## PROBLEM DESCRIPTION
Only the lines from the one bearing "蔣欣新劇《四喜》開機,網友:,期待美麗的許知夏!" through the end of the entries should be output, exactly as they stand, and pictures should be skipped.

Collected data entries
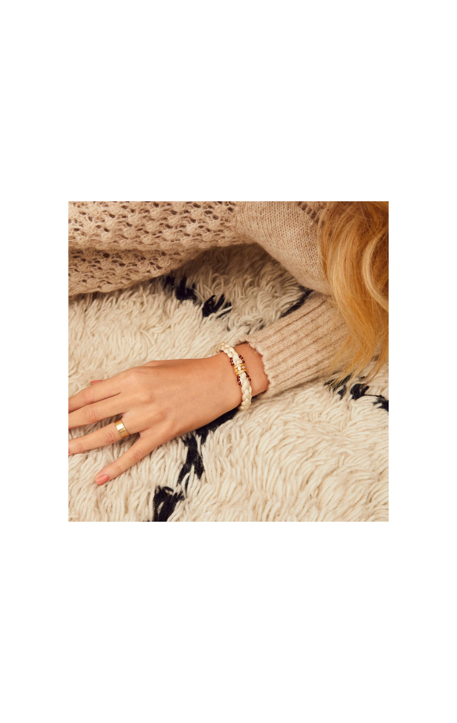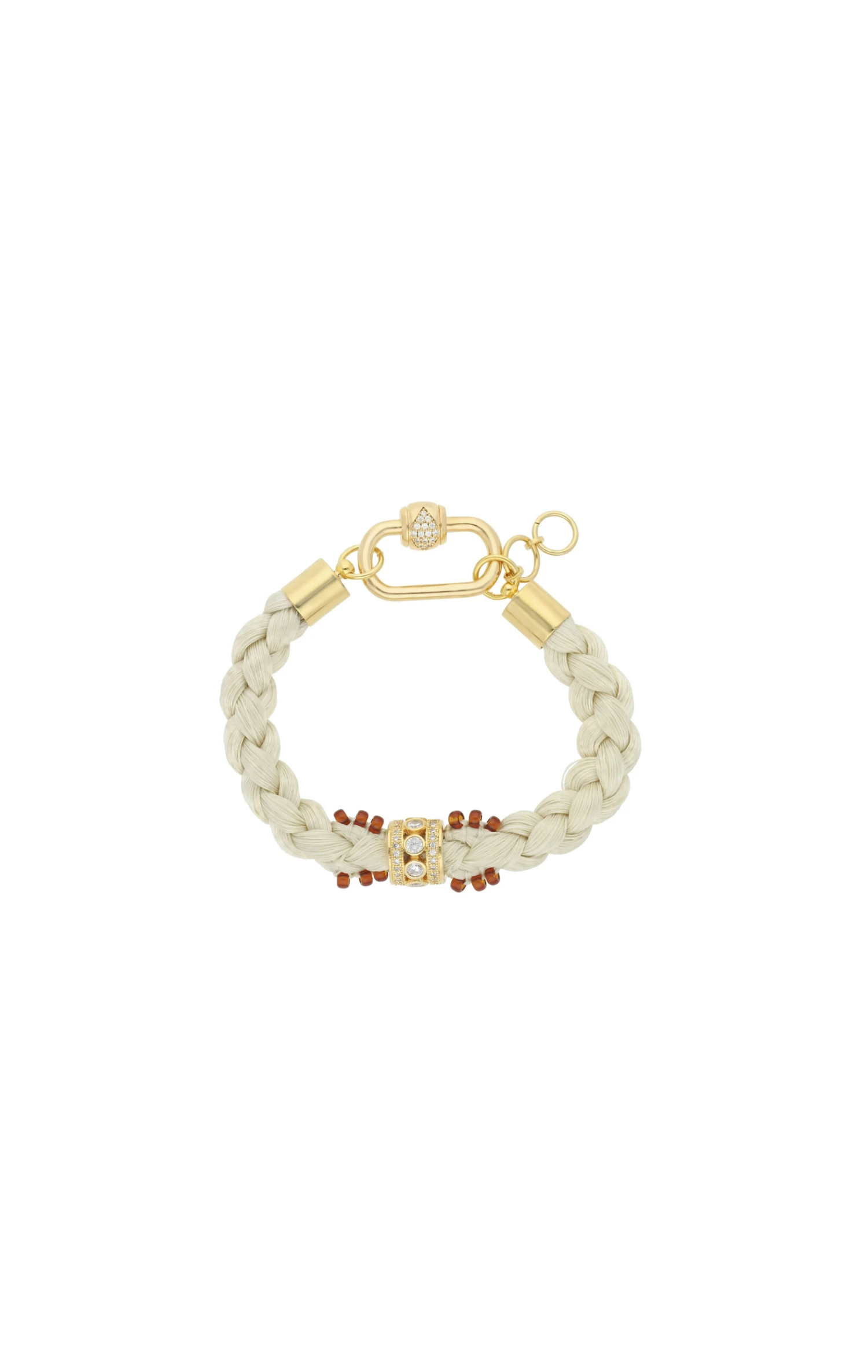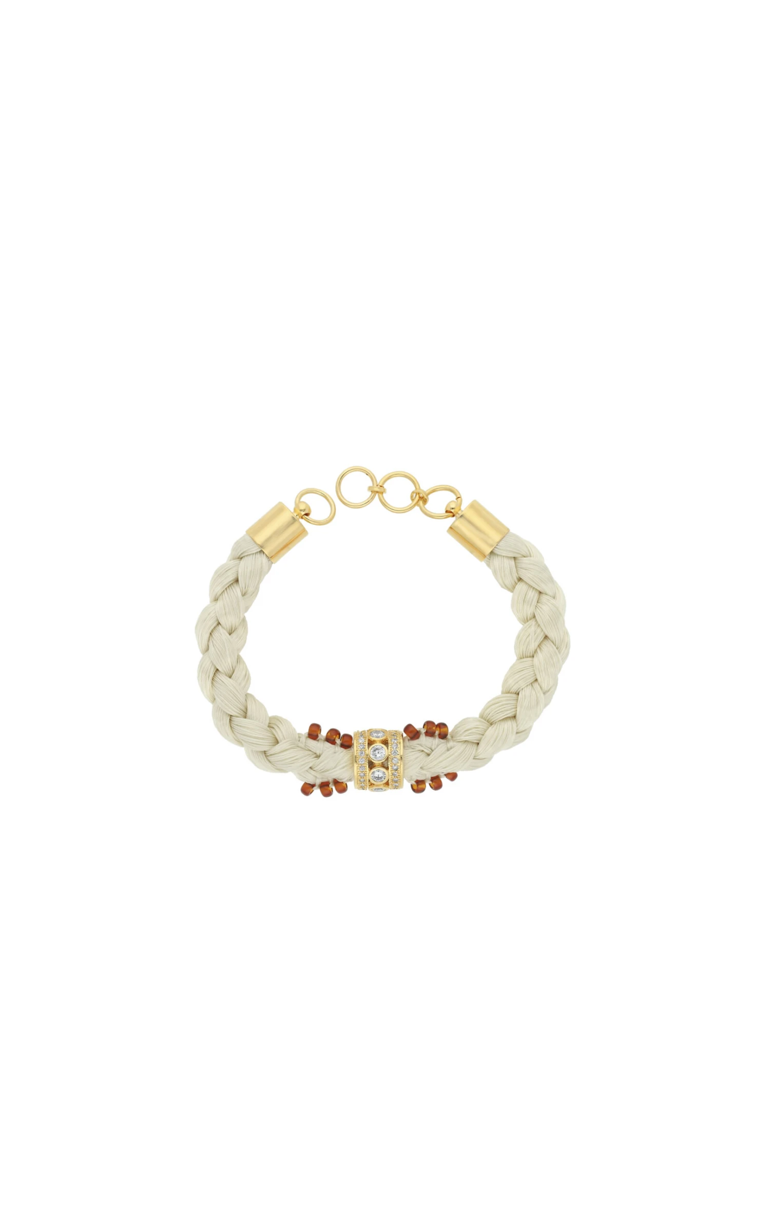 Lien dorĂ© Ă l’or fin 14 carats composĂ© d’une large tresse de fil blanc cassĂ© avec en son centre un anneau dorĂ©, pavĂ© de trass effet diamant et emmanchĂ© sur la tresse. La tresse est ornĂ©e de douze petites perles de couleur ambre cousues. Ă€ associer avec les fermoirs « LOCKETS ».
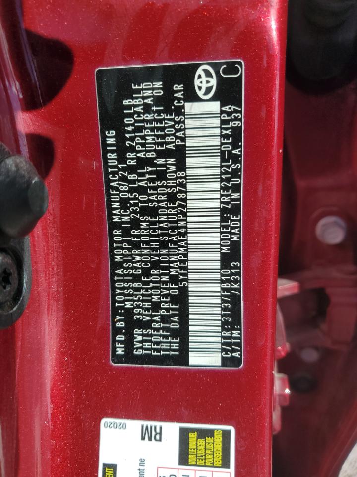 2022 TOYOTA COROLLA LE - 5YFEPMAE4NP278738
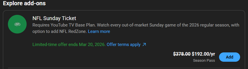For those that might be interested. Just saw this in my YoutubeTV “Add Ons” for 2026 NFL Sunday Ticket.
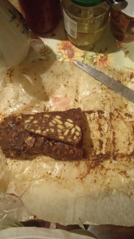 Ксюха приготовила шоколадную колбасу.
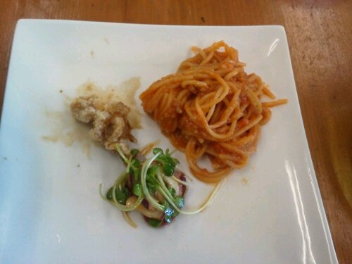 こちらのナポリタンは魔法のお鍋に パスタも野菜も挽き肉にソース
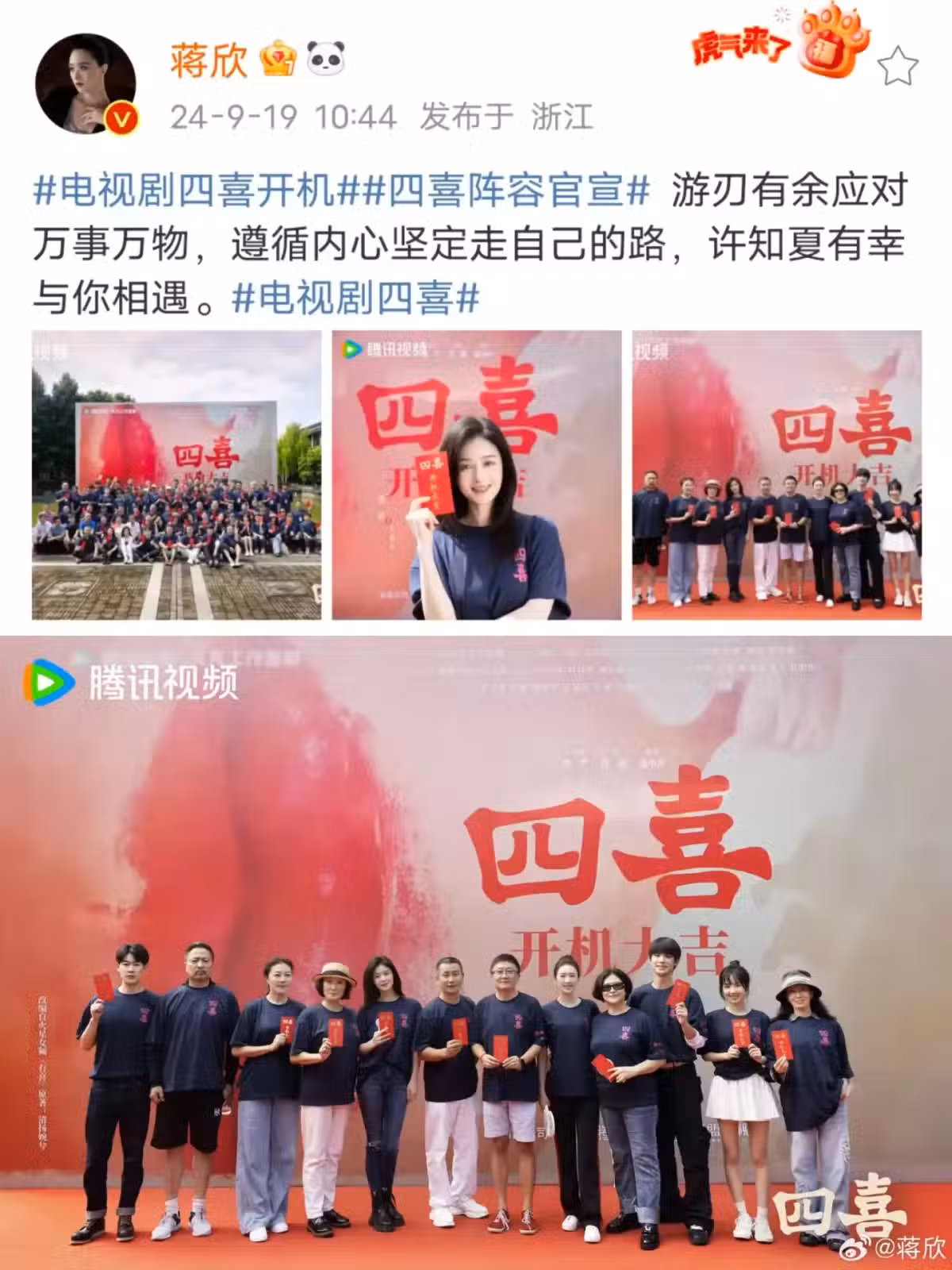蔣欣新劇《四喜》開機,網友:,期待美麗的許知夏!
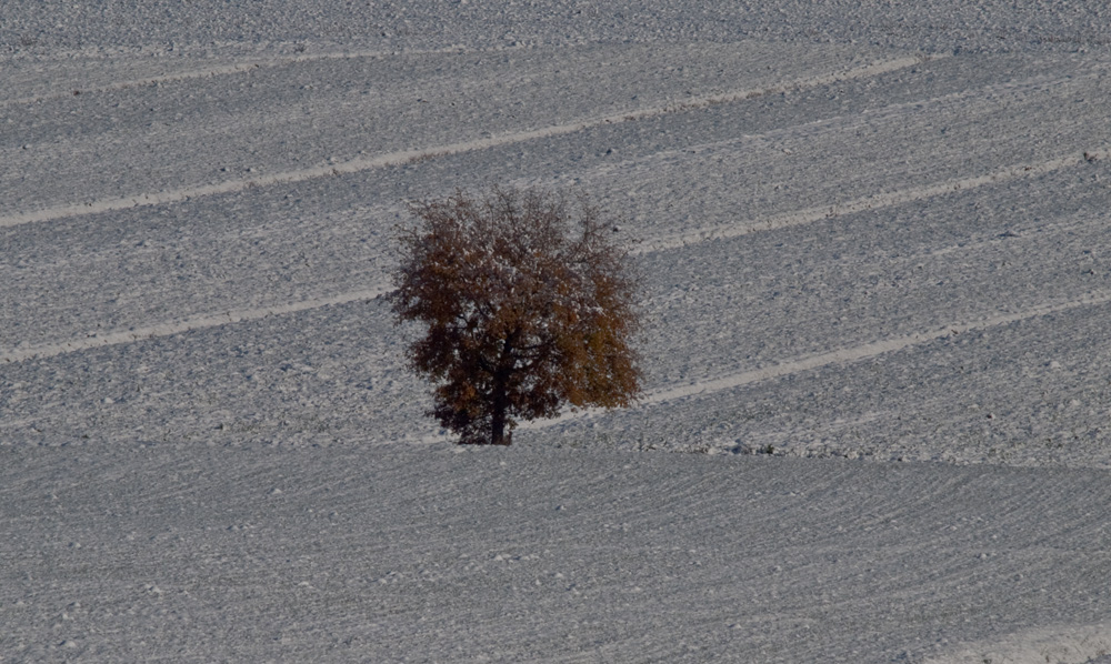 Ciao, credo che l'immagine ne avrebbe guadagnato con l'alberello inquadrato in posizione decentrata, e forse anche con formato panoramico.
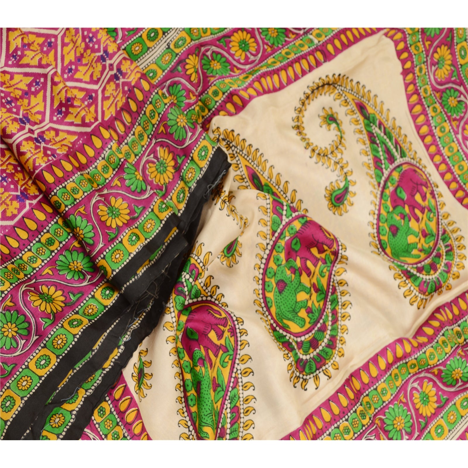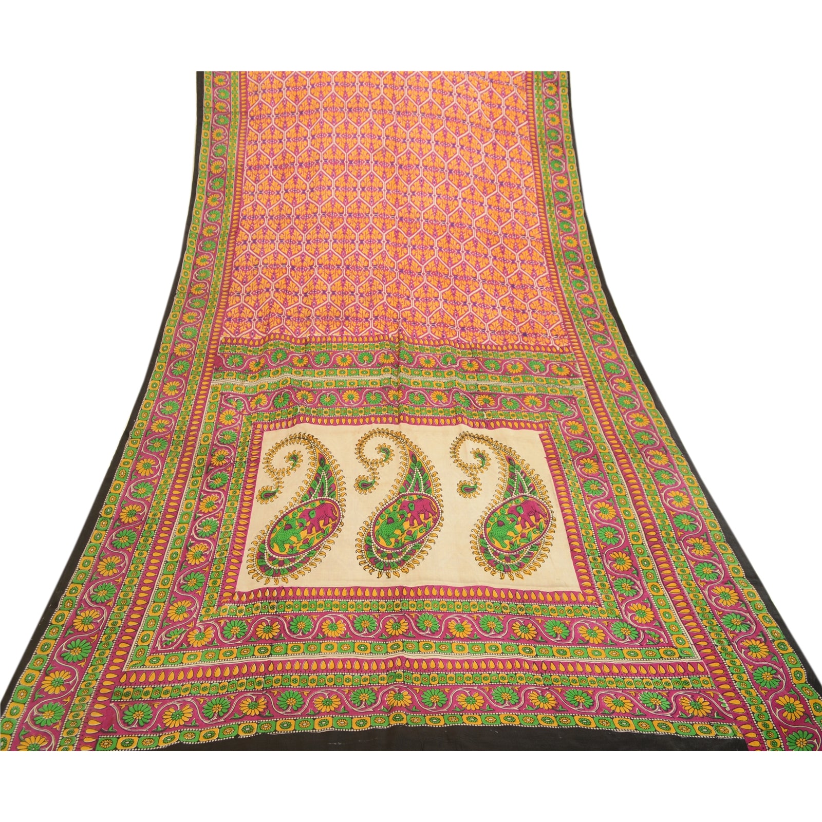 Санскритские винтажные сари из Индии, многослойная ткань из чистого шелка с принтом для сари из экологически чистой ткани

## SOLUTION FOR THIS PROBLEM
蔣欣新劇《四喜》開機,網友:,期待美麗的許知夏!
 Ciao, credo che l'immagine ne avrebbe guadagnato con l'alberello inquadrato in posizione decentrata, e forse anche con formato panoramico.
 Санскритские винтажные сари из Индии, многослойная ткань из чистого шелка с принтом для сари из экологически чистой ткани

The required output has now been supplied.